On a slightly different bent.....


----------



## ras1187 (Oct 3, 2006)

I love these

"Theres a problem with my Shrimp Cocktail, its cold"
"My lamb is overcooked!" Customer referring to the rack of lamb he ordered EXTRA-well done
"NY Strip Steak no mashed potatoes sub extra steak" - I stared at the waiter that put this in for a good 30 seconds before he realized it wasn't going to happen
"French Onion Soup, no onion"


----------



## shelta (Sep 16, 2009)

So how do you deal with the 'morons', oops I meant customers of course!...for instance the idiot who said the super well done lamb was overcooked. Do you replace the order with a 'smile', say no way, or what. Are we in the "customer is always right territory" or have things advanced to where so-called customers like that are told to bugger off and never come back.


----------



## leeniek (Aug 21, 2009)

Lets see

-"this steak is not cooked" from a diner who ordered a rare steak
- " this was so spicy I could barely eat it" from a diner who asked for double hot sauce and proceeded to tell me about it as I looked at the crust they left on their plate
(and all I wanted to do was be sarcastic, but I told her that if that happens again to send it back and we will make a new one)
- "over well eggs on the fly" -from a server who forgot to punch in an order, sorry but over well eggs cannot be done on the fly (we smile and nod alot when that happens)


----------



## coulis-o (Jan 23, 2010)

lol @ some of the above, let's see there's too many of them for me to think of ...

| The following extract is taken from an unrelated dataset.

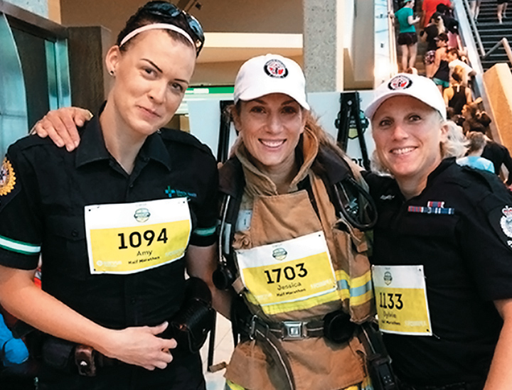 AHS EMS paramedic Amy Benson, far left, with firefighter Jessica LaMer and police officer Sylvie Boy, who ran a half-marathon for Wounded Warriors Canada in support of Canadian Armed Forces members, veterans, first responders and their families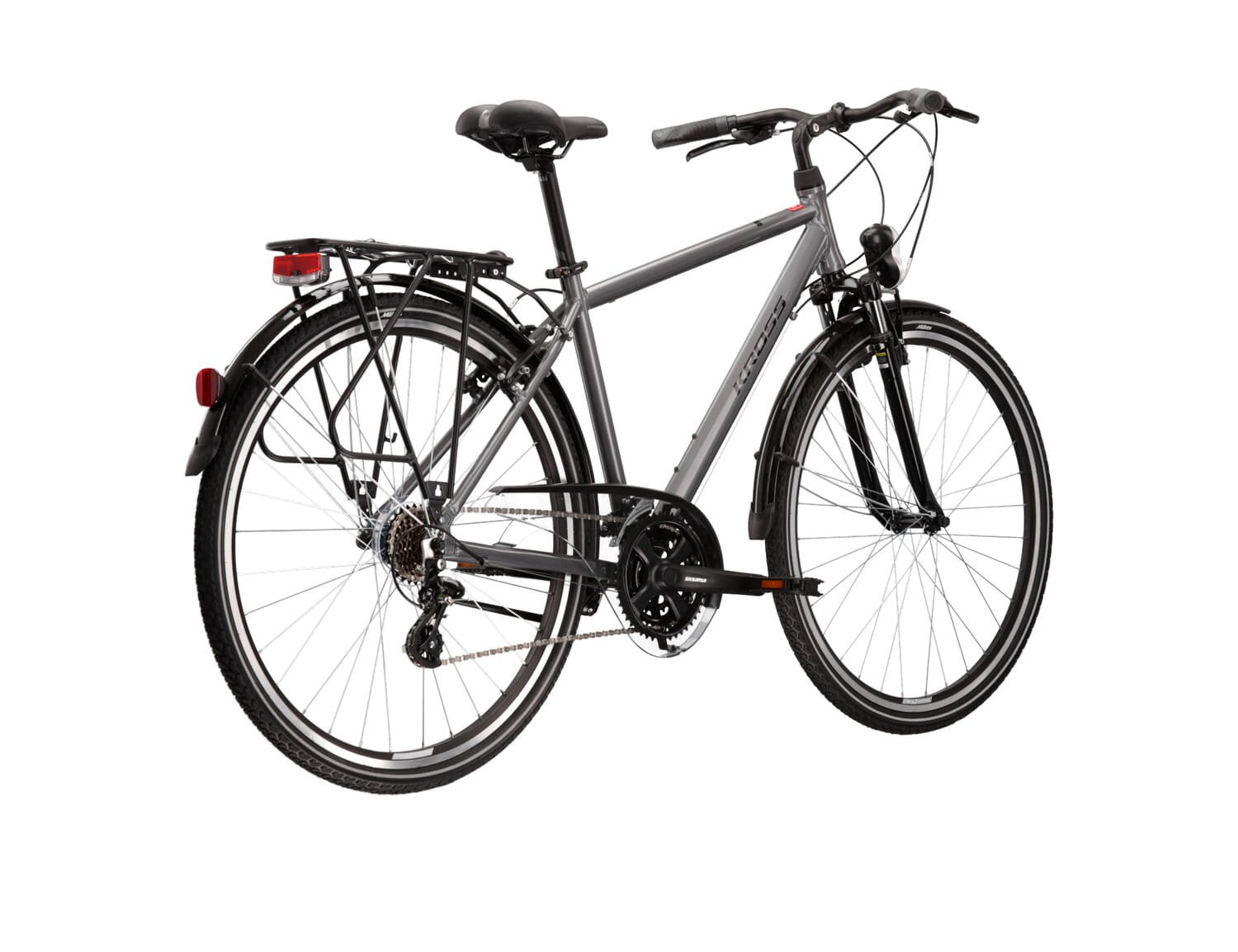 W Kross Trans 2.0 zamontowaliśmy hamulce V-brake, które zapewnią ci dużą siłę hamowania na asfalcie jak i na leśnej ścieżce. Opony o szerokości 1,5” pozwalają na stosowanie go w prawie każdych warunkach atmosferycznych i długą eksploatację. Ponadto zamontowaliśmy w naszym rowerze tylną przerzutkę ShimanoAltus M310, która jest łatwa w serwisowaniu.

- "if the head chef can put fillet steak on a plate with a bone next to it and send it out as Venison ..."

- "this is how we got the White Rose Award for the best hotel in yorkshire, by cooking microwavable, frozen, pre-packed chicken satay noodles and pukka pies" 

- "why you making cous cous, it's supposed to be a pasta salad" 

- 'does anyone know what this oven timers for?' someone else: 'it's to tell you that the foods ready' "

- 'has anyone seen the tyhme?' someone else: 'yeah, it's half past three'

- 'does anyone know what the difference is between a blackberry and a bramble?' - 'yeah, blackberry's a phone and bramble's a fruit'

- 'the bechamel you made yesterday split' - 'no it didn't, that was just the melted butter i put on top of it to stop it forming a skin'

- 'i can see a dumb waiter from here' 

- 'the plates are meant to be ****ing hot, you're taking out hot food and you're supposed to be a waiter you should know this'

- 'this stuffing is the best i have ever tasted' - a vegetarian waitress to the head chef that made stuffing with beef stock

- waiter to head chef: "chef, could you please make sure the soup for sunday is not mushroom soup" 
head chef: "why is it someone you know who's booked in"
waiter: "yes"
head chef to me: "the soup for sunday is cream of mushroom soup"


----------



## rat (Mar 2, 2006)

I always liked the table of ten people which 1 person gets the 7 course tasting menu.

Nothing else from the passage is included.